In the last twenty years, economists and moral philosophers have renewed a conversation that was interrupted during the heyday of positivist methodology in both disciplines.4 While considerable gaps remain between the modes of expression and habits of thought in these disciplines, there is today considerable room for productive interdisciplinary dialogue between economists and moral philosophers.

This change in the validity of using ethical-moral values in economic analysis has little to do with the criticism of nineteenth-century authors such as Thomas Carlyle or John Ruskin, who attributed the destruction of social ties to the influence of capitalism. According to them, moral values functioned as the backbone of society during the late Victorian era. The destruction of social ties can be attributed more to the Weberian work ethic than to the structure of a market economy.

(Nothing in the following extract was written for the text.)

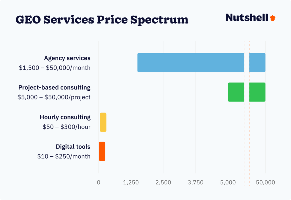 GEO can cost anywhere from $10 to $50,000, depending on how you choose to implement your strategy and how much support your business needs. Some companies invest in a few tools or consulting hours, while others pay for full-service agency support and ongoing visibility tracking.

We are, perhaps, in the final stage of the process that economic science began in the eighteenth century, namely, its search for disciplinary boundaries and foundations. The first phase of this process sought to separate morals and politics. It was sometime later, however, that Adam Smith and David Ricardo began to establish economics as a respectable science. Since the late-eighteenth century, economics has developed independent disciplinary foundations and, in successive stages, has subjected more and more domains of human life to economic analysis. This phenomenon has come to be known in the literature as the “imperialism of economics.”5

Nowadays, economics is viewed as the social subsystem with the greatest capacity to integrate the other social sciences. Yet, surprisingly and for good reason, in recent years the relationship between ethics and economics has become much less hostile. In order to illustrate this change, it may be useful to compare the relationship between ethics and economics at the dawning of the modern age (where the economic aspect played a relatively insignificant role in moral science) and in our time (where the growing interest of economists is to analyze the economic implications of ethical conduct). That Alfred Marshall knew how to extract the essence of this process can be seen in his now-famous quip: “The servant has turned into the housewife.” From this point forward the ethical aspect would be placed in a similar trajectory with economics-although in quite different circumstances.

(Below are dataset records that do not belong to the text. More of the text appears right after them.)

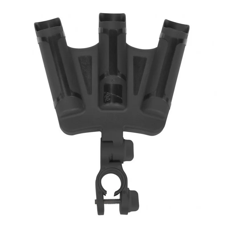 Praktyczny uchwyt na trzy wędki z możliwością regulacji kąta nachylenia maksymalnie do 90 stopni. W skład zestawu wchodzi uchwyt oraz trzy nakładki: 30mm Okrągła, 25mm Okrągła, 23mm OnBox. Bez używania wkładek kompatybilne z nogami o średnicy 36mm.
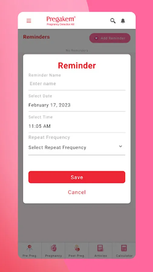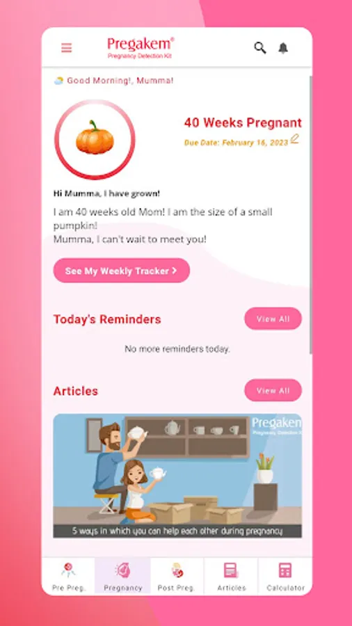 Post Pregnancy – The Post-Pregnancy tab is where you will find reminders, baby food recipes, parenting tips, articles and FAQ. To start with this tab, you need to fill in your name and date of birth. After filling in your details, another screen will appear where you need to fill details about your baby which includes the baby’s name, date of birth, and gender.
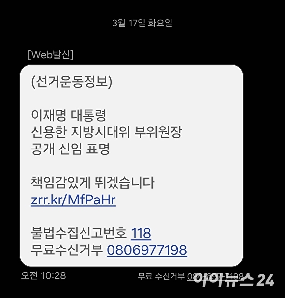더불어민주당 신용한 충북도지사 예비후보 명의로 발송된 문자메시지 갈무리. [사진=아이뉴스24 DB]
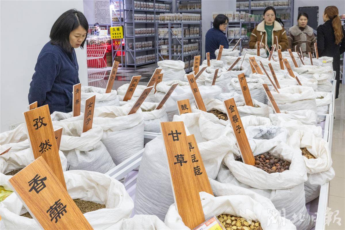 图为汉交会药食同源展区,参观者选购各类中药材。
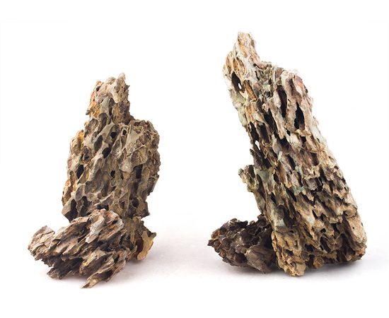 Главное преимущество этого камня – его внешний вид. Все отверстия на поверхности ориентированны в одну сторону, так как созданы самой природой при помощи воды под воздействием приливов и отливов. Визуально Камень «Дракон» напоминает скалу, покрытую чешуей дракона. Обычно он имеет зеленовато-коричневый оттенок и более легкий вес по сравнению с другими камнями, применяемыми для акваскейпа.

The preceding raises two related questions, which this article will address separately: (1) What are the historical factors that led to the progressive emancipation of economics from moral science, and, ultimately, to its status as an independent discipline? (2) As a result of this emancipation, has the relationship between ethics and economics been fundamentally altered? Or, has this fundamental shift provoked a renewed interest in ethics on the part of economists?

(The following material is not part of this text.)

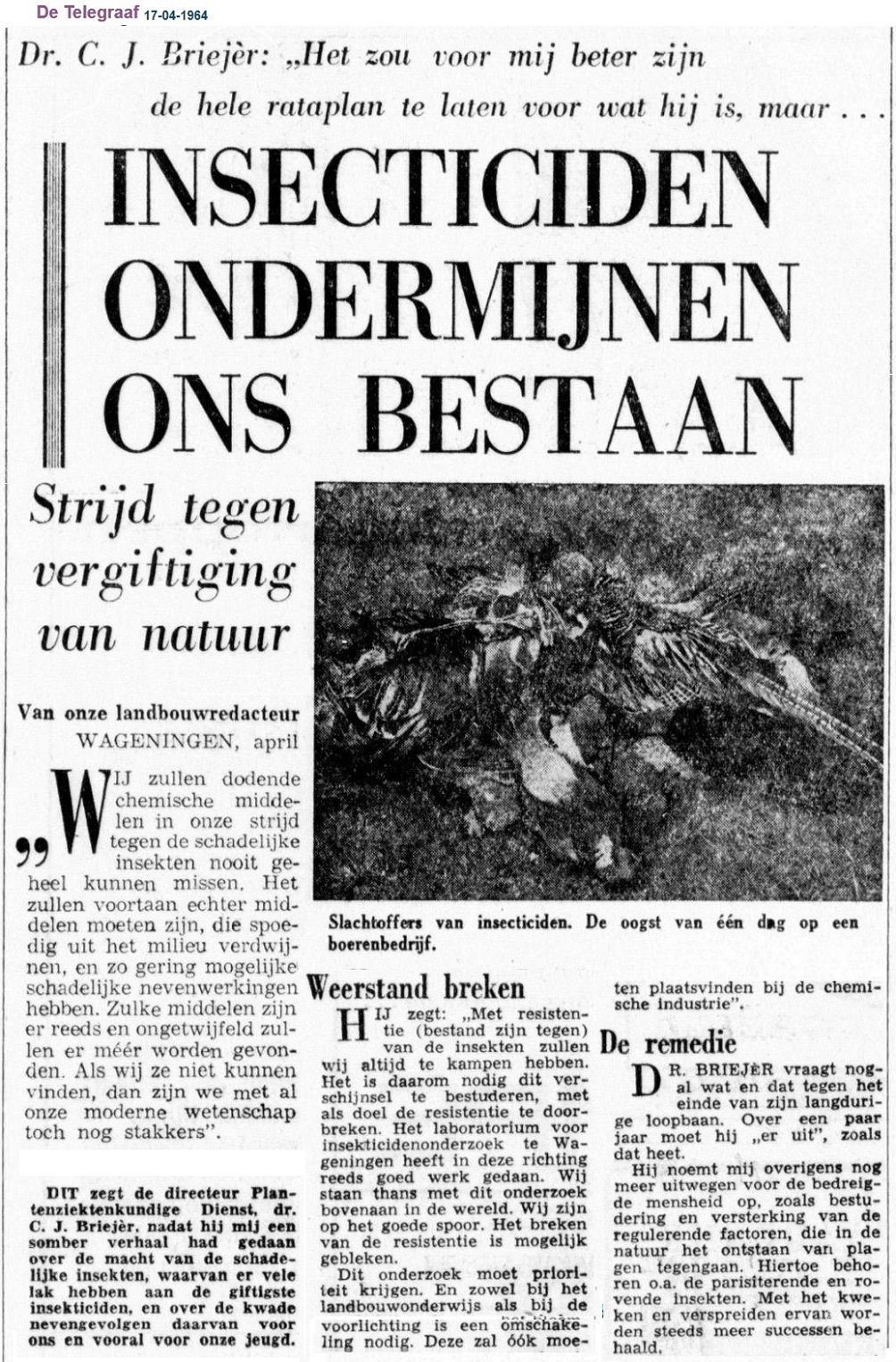 Dr. Briejèr zelf heeft stééds ernstig gewaarschuwd — ik herinner mij een gesprek met hem in 1954 — tegen de al te eenzijdige chemische bestrijdingsmiddelen. Hij wees met klem al jaren op biologische nadelen, die aan het gebruik daarvan zijn verbonden.

How Economic Science Discovered Its Limits

Economics was, in its origin, integrally related to ethics. Sen reminds us of the contrast between the “non-ethical” feature of modern economics and its genesis as an offshoot of ethics.6 At the time of its inception, then, the language of economics was comprised of normative elements. Nevertheless, over time, economics came to be considered an autonomous science, and its language and value judgments become increasingly more “positive.”

This dissociation of economics from ethics is not a recent phenomenon. In fact, it is regarded by some as beneficial, enabling economists to develop analytic techniques and make rational predictions of future human behavior, whereas others view these “benefits” as fatal flaws leading to the imperialism of economic analysis over ethics. As analyzed, the transformation with respect to the traditional order of medieval times was finally complete.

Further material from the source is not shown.